Transcribe nothing but the lines from the one with "С подробной информацией" to the end of the entries, both included, keeping each exact and leaving every picture out.

# [Records from a collection]
════

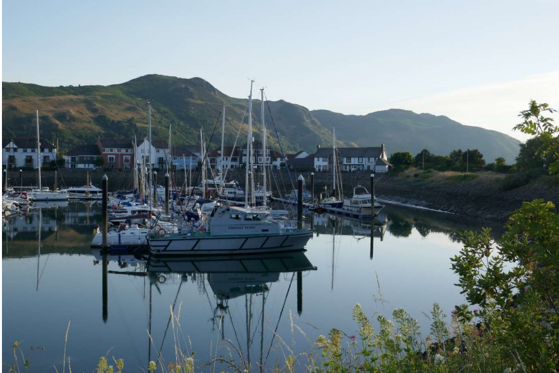
De jachthaven van Conwy.

De jachthaven lag een kilometer of twee voor Conwy, maar vlak langs de rivier onderaan de beboste kliffen liep een schitterend fiets-voetpad naar het stadje toe. De volgende dag heb ik eerst het kasteel bezocht, ook hier een goed geconserveerde ruïne waarvan alleen de muren en torens nog overeind stonden. Daarna heb ik het schilderachtige stadje verkend en een leuke wandeling gemaakt over de middeleeuwse stadsmuren. 's Avonds heb ik een mooi fietstochtje gemaakt over het fietspad dat pal onder de hoge rotsen langs de kust naar het westen liep.
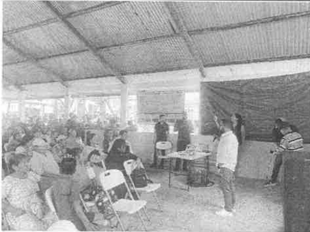
Ilustración 1: Equipo del Ministerio de Ambiente – Regional de Veraguas, funge como moderador del Foro Público
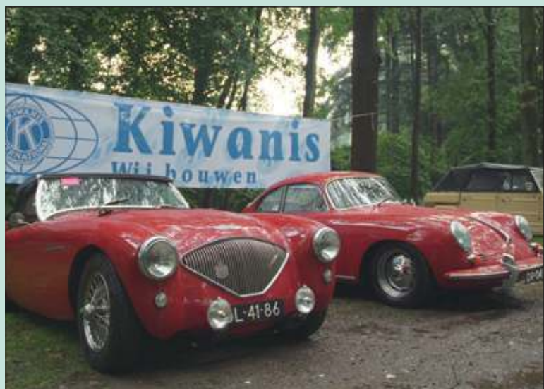
Zondag 25 augustus vindt de derde Gijs van Lennep Legend-rit plaats.

Gezien de bijna 100 auto's, die deelnemen, is het voor bezoekers handiger met de fiets te komen, want alle parkeerplaatsen rond het gemeentehuis zijn bezet die zondagochtend.
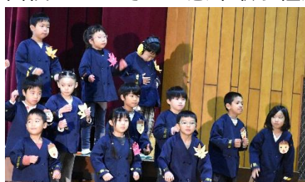
1年生：わくわくきらきら一年生

学芸会では、多くの来賓の方々からお褒めの言葉やねぎらいのお言葉をいただきました。誠にありがとうございます。そして、保護者の皆様からの温かい拍手で子どもたちは充実感を味わうことができました。学芸会を通して学んだことをこれからの学校生活にも生かし、自信をもって一生懸命取り組んでいくことを楽しみにしています。
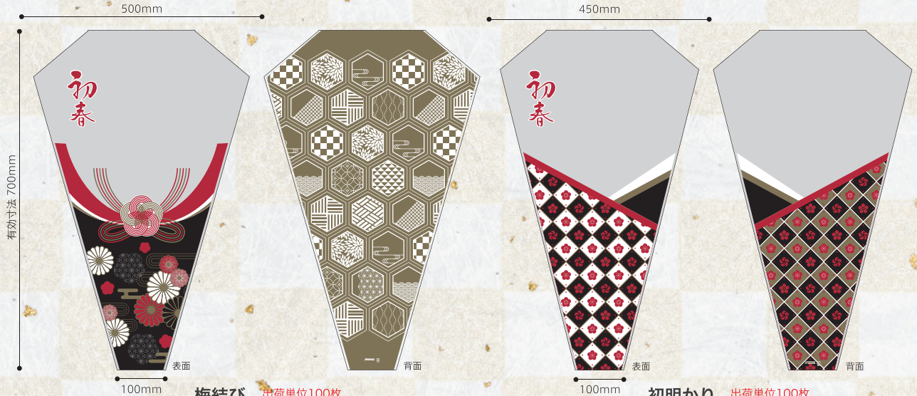
梅結び 出荷単位100枚 94.50円
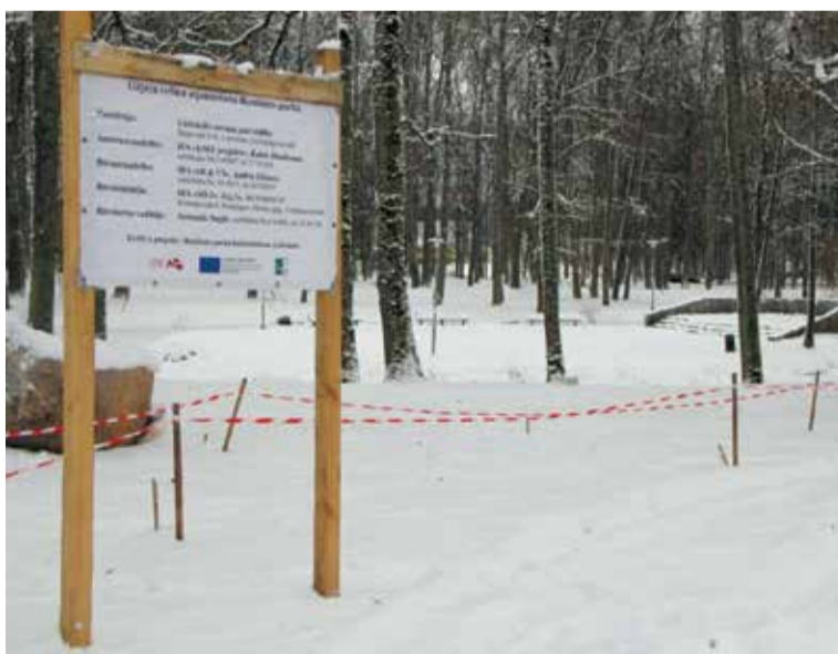
Pastaigu celiņu atjaunošanas darbus Rembates parkā turpinās pavasarī. Iedzīvotāji tiek aicināti ar izpratni izturēties pret ierobežojumiem un pa nepabeigtajiem celiņiem nepārvietoties.

Projektu „Rembates parka labiekārtošana Lielvārdē” (projekta Nr. 16-04-AL02-A019.2201-000006) līdzfinansē Eiropas Lauksaimniecības fonda lauku attīstībai, atbalsta Zemkopības ministrija, Lauku atbalsta dienests un Publisko un privāto partnerattiecību biedrība „Zied zeme”.
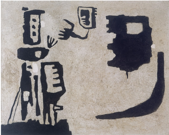
Afrikanische Geister , 1949 Öl mit Kunstharz und Spachtelkitt auf Hartfaserplatte 65 x 81 cm verso betitelt, dat. u. sign.: Afrikanische Geister 1949 65 x 81 Baumeister Beye/Baumeister WV Nr. 1020

Ausgestellt 1955 auf der Documenta I in Kassel, Kat. Nr. 29.
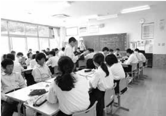
主体的な学びを促す学び合い学習

学校教育目標は、昨年度と同じ「未来を拓く心豊かでたくましい生徒の育成」です。特に本年度は、「秩序と魅力のある学校」、「安心と安全のある学校」を目指し、学び合い学習や自治的活動を推進するとともに、学校・家庭・地域の連携による健全育成に取り組んでいます。生徒が中心となって進める生徒会活動では、日頃から自分の役割を自覚し、互いに協力し合う姿が見られます。本年度は、入学式の進行を生徒が務めるなど、新たな取組に挑戦しています。
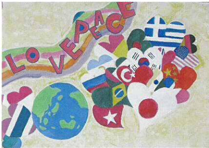
平成29年度 教育長賞

※入賞者は、8月19日(日)開催の「ヒロシマ原爆展」オープニングセレモニーにて表彰します。
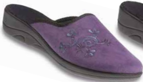
54 552D006 35-41 Jula
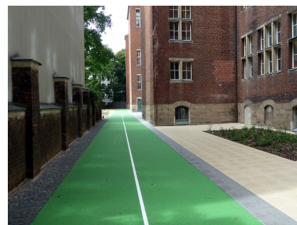
Die Laufbahn wurde optimal eingepasst
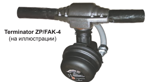
Terminator ZP/FAK-4 (на иллюстрации)

Тип комплекта FAK = комплект для сборки на месте
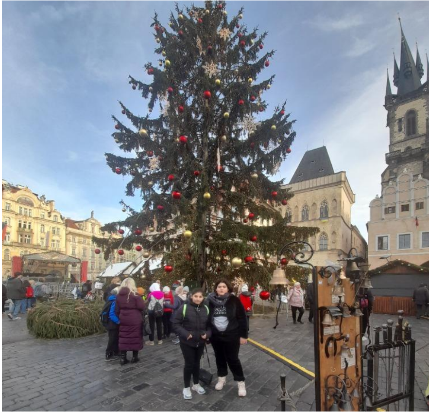
Praha, Staroměstské náměstí. U vánočního stromu.
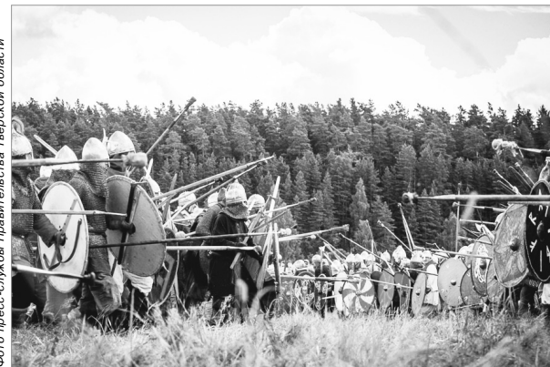
Сражение дружин на «Былинном берегу»

С подробной информацией можно ознакомиться на сайте фестиваля исторической реконструкции «Былинный берег» по ссылке: http://10vek.ru/by-stander.html .
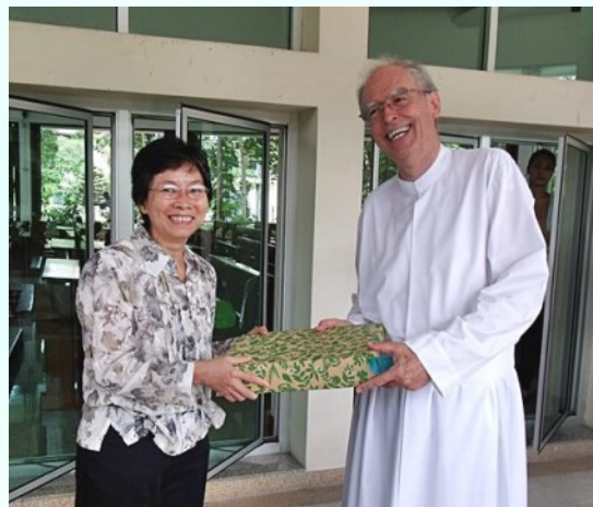
Happy Birthday จากคณะเซอร์ร้านบางแสน

════

# [Result below]
С подробной информацией можно ознакомиться на сайте фестиваля исторической реконструкции «Былинный берег» по ссылке: http://10vek.ru/by-stander.html .
Happy Birthday จากคณะเซอร์ร้านบางแสน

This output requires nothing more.